WORK REQUEST → Below are lines of records; copy exactly those from the one containing "Një furgon i" through the one containing "9275 絶妙な婦人服 2024", leaving the pictures behind.

EXERCISE DATA →
┌────────
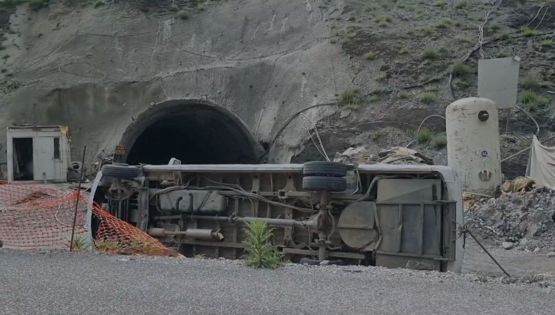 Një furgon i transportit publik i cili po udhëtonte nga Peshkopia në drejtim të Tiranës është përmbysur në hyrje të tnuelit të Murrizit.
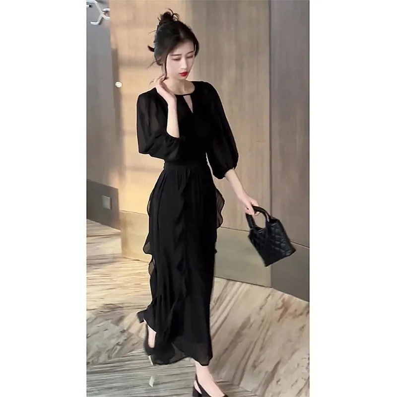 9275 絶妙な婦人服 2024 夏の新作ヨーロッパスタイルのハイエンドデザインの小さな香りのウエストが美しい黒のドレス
└────────
┌────────
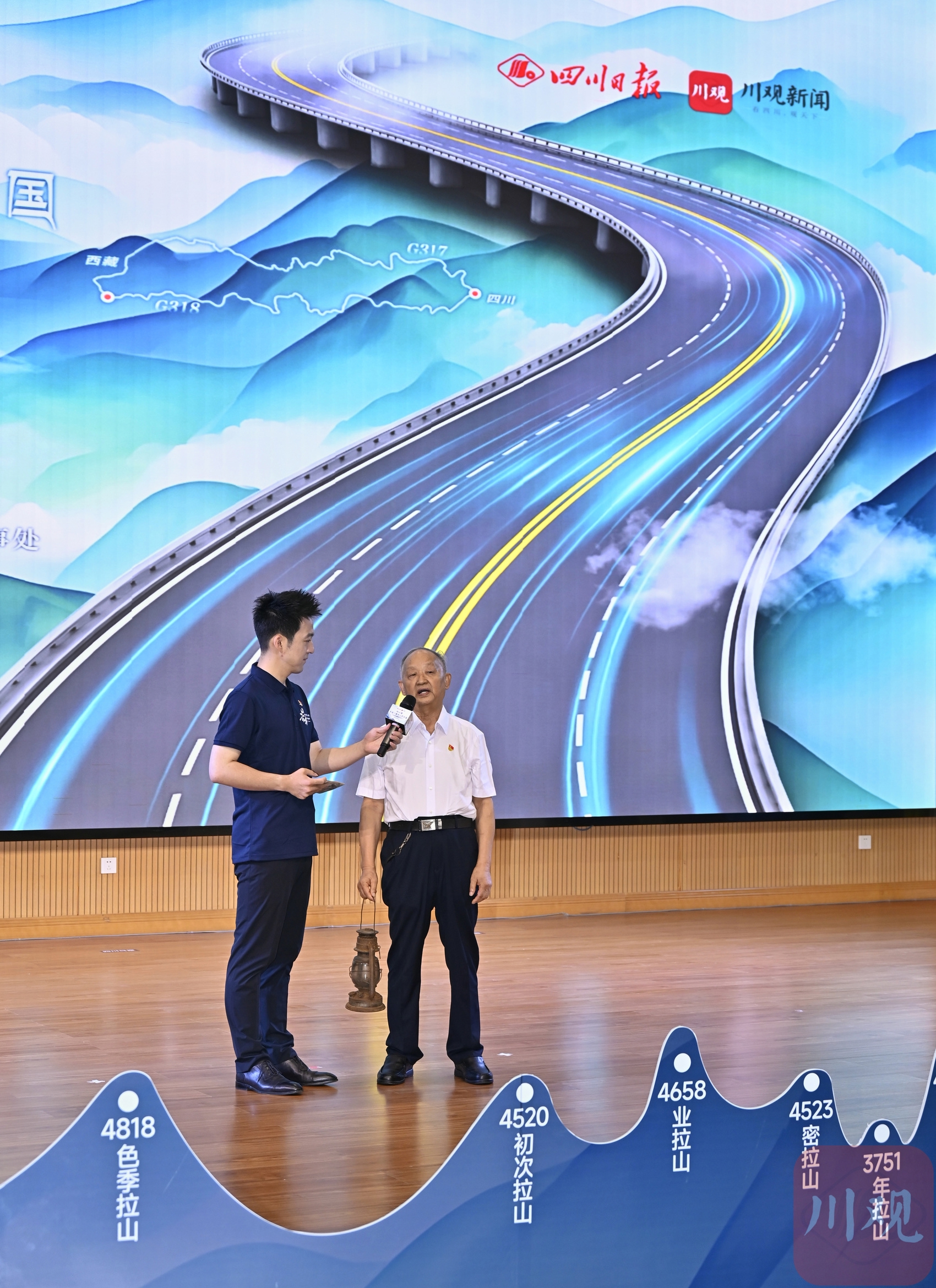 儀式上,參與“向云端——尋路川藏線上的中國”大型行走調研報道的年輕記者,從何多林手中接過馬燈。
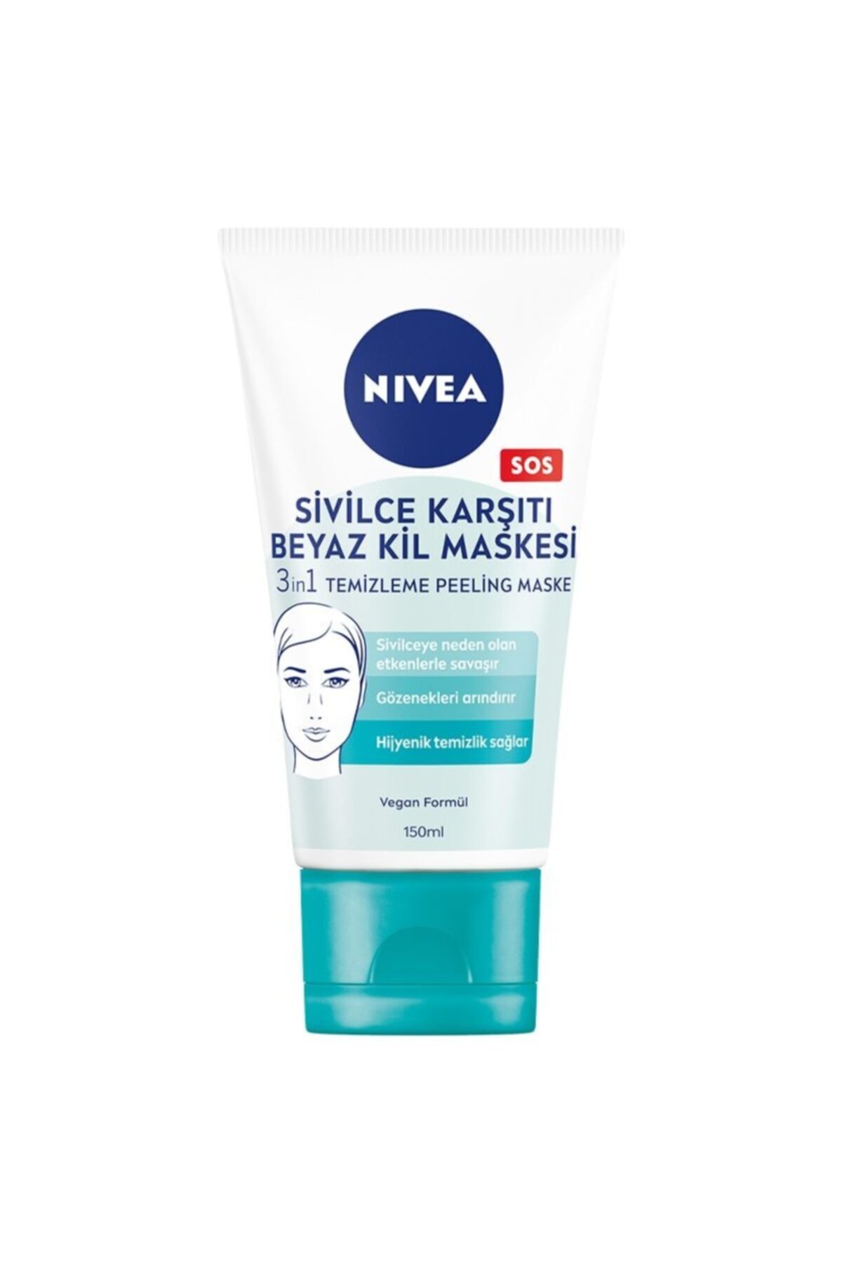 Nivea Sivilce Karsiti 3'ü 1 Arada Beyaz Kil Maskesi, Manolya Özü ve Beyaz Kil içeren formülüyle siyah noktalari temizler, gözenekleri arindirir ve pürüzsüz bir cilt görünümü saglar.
└────────
┌────────
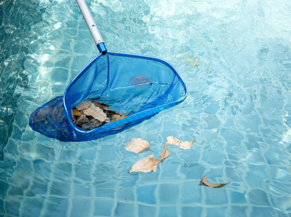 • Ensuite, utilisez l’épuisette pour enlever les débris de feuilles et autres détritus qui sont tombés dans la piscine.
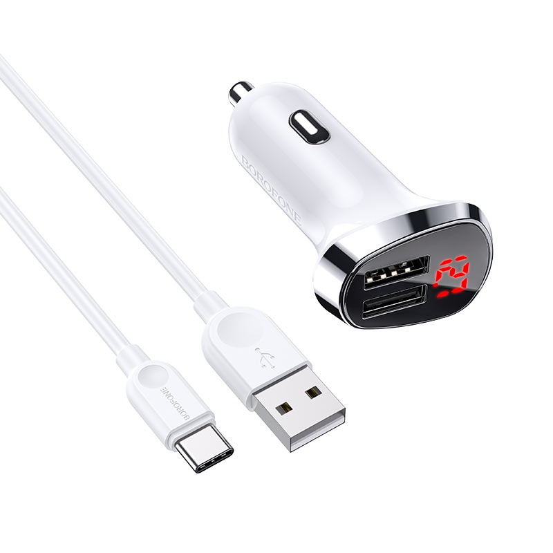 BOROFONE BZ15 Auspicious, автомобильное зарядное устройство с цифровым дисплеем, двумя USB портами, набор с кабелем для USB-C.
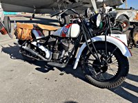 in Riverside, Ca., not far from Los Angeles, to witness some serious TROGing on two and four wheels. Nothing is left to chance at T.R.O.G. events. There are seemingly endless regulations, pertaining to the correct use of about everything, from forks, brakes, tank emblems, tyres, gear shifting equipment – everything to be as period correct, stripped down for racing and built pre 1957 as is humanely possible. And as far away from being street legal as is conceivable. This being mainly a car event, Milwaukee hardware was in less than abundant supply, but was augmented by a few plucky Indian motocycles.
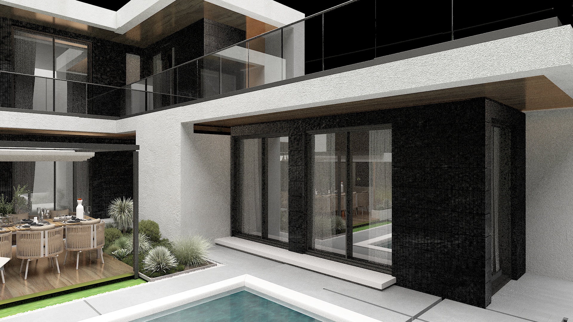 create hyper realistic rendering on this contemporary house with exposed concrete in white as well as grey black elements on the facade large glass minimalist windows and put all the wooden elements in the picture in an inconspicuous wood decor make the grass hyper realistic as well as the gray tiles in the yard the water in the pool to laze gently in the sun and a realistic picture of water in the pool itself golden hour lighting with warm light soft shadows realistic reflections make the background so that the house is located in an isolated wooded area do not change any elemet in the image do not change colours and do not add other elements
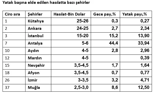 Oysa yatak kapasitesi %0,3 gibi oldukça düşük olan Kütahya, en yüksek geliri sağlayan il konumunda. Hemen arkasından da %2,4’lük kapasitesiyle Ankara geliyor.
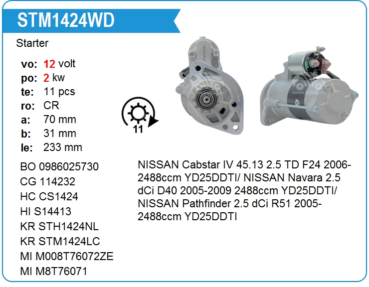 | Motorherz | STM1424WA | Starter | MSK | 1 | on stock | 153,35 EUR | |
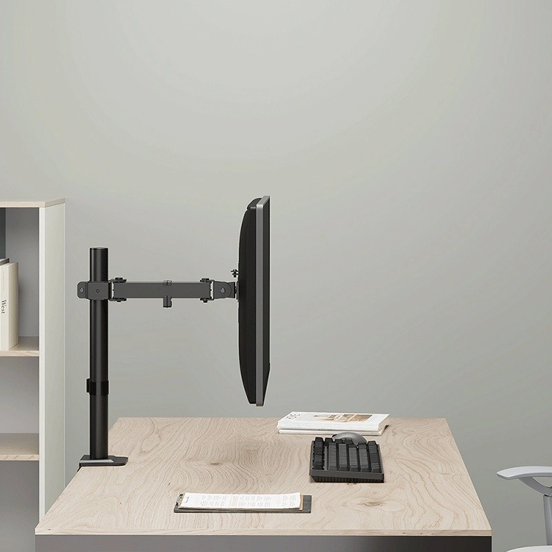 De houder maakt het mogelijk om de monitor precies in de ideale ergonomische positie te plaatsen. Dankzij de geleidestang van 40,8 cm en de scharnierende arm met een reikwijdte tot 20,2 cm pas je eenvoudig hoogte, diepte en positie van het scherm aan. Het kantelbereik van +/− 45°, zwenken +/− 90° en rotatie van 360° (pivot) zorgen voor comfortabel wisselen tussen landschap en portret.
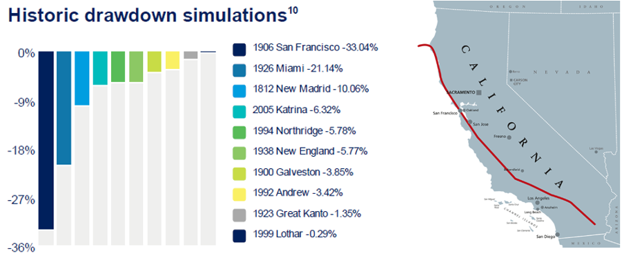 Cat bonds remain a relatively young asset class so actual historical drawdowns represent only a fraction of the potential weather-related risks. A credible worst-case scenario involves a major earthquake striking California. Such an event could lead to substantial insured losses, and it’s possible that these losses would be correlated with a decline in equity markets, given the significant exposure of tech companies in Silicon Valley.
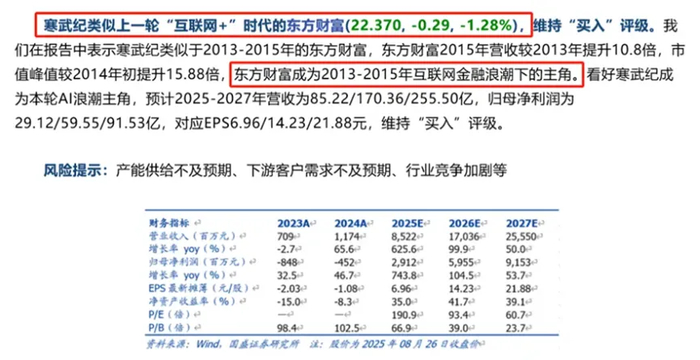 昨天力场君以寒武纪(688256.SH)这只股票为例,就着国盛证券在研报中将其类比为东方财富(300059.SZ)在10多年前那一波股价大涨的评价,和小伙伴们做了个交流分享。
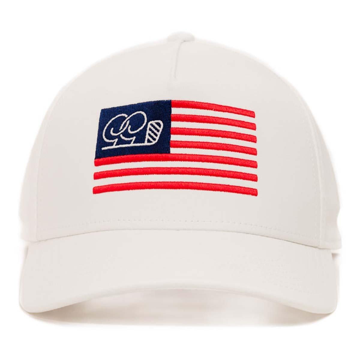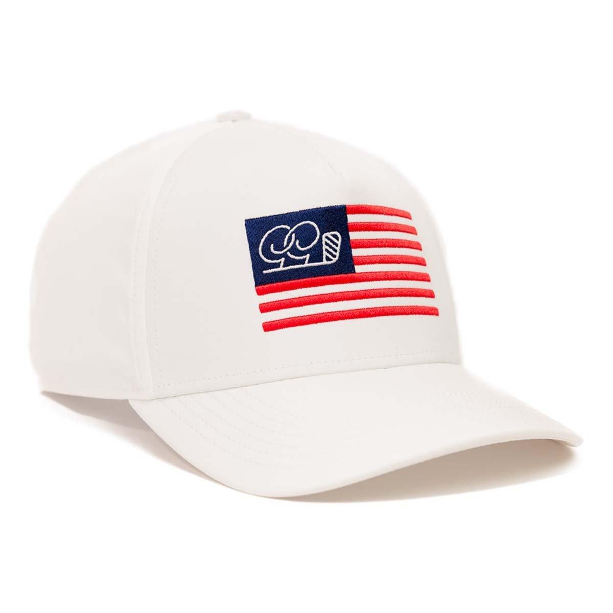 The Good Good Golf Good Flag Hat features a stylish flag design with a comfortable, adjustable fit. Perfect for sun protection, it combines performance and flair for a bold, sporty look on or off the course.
└────────
RESULT FOR THIS EXERCISE →
 Një furgon i transportit publik i cili po udhëtonte nga Peshkopia në drejtim të Tiranës është përmbysur në hyrje të tnuelit të Murrizit.
 9275 絶妙な婦人服 2024 夏の新作ヨーロッパスタイルのハイエンドデザインの小さな香りのウエストが美しい黒のドレス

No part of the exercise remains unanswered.